When I was young, we lived on an island that always smelled like salt. When we lived there I always smelled like salt. Every other shop all the way down the island sold surfboards, and every restaurant had a “No shirt, No shoes, No service” sign on the door.
No matter what shop you walked into, you could bet that they sold postcards. They were displayed on spinning, wire racks that squeaked when you turned them and were much taller than me. I remember wearing plastic flip-flops and reaching out my sun-browned arm to pick up a picture postcard of the aerial view of the island.
I ran with the postcard to my mom. “Look!” I said. And we both laughed as we looked at the picture. We’d never realized that the island was shaped like a whale blowing water out of its spout.

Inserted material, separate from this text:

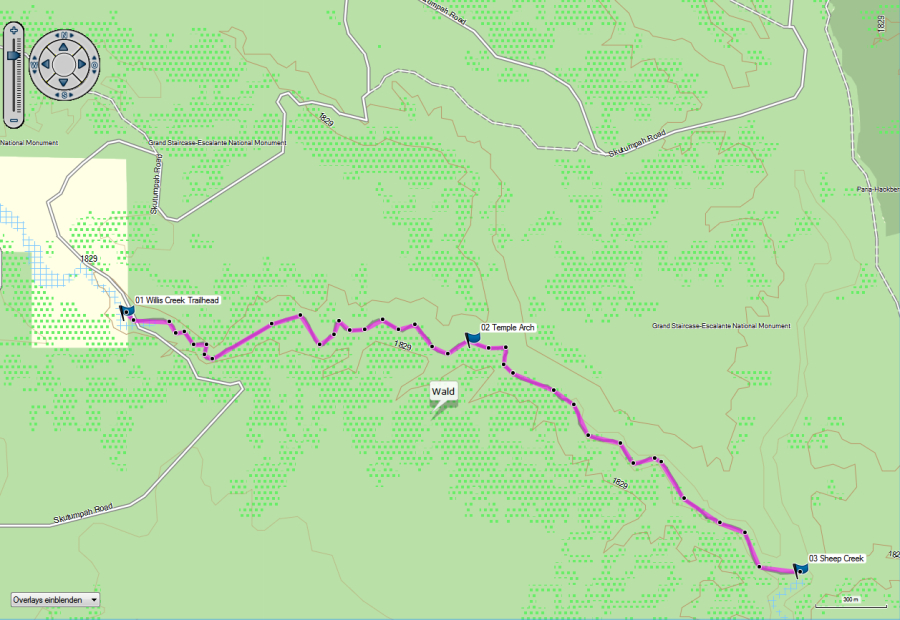 Grand Staircase – Paunsaugunt Plateau; Trails Illustrated Map 714; 1:75.000; National Geographic. Die Karte ist zur groben Orientierung hilfreich, für die Wanderung an sich aber nicht erforderlich.

I loved that it looked like a whale. That’s the fact I would start with when people asked me where I lived.
Then I’d tell them about how there were concrete paths that stretched through sandy woods from my house past my friend’s house to the church we went to. Along the way, there was an ice cream shop that sold saltwater taffy from a sprawling collection of tubs in the middle of the store. They sold postcards, of course, and near-impossible-to-solve puzzles. Before every hurricane season we would buy a couple more of these puzzles for the exact reason that they took a very long time to solve (if you could solve them at all) and they could be done by candlelight. There was one with a bunch of little men you had to fit into a life raft and another that was just nine squares, but each side of each square had half of a different butterfly on it, and you had to figure out how to put it together to make the halves match.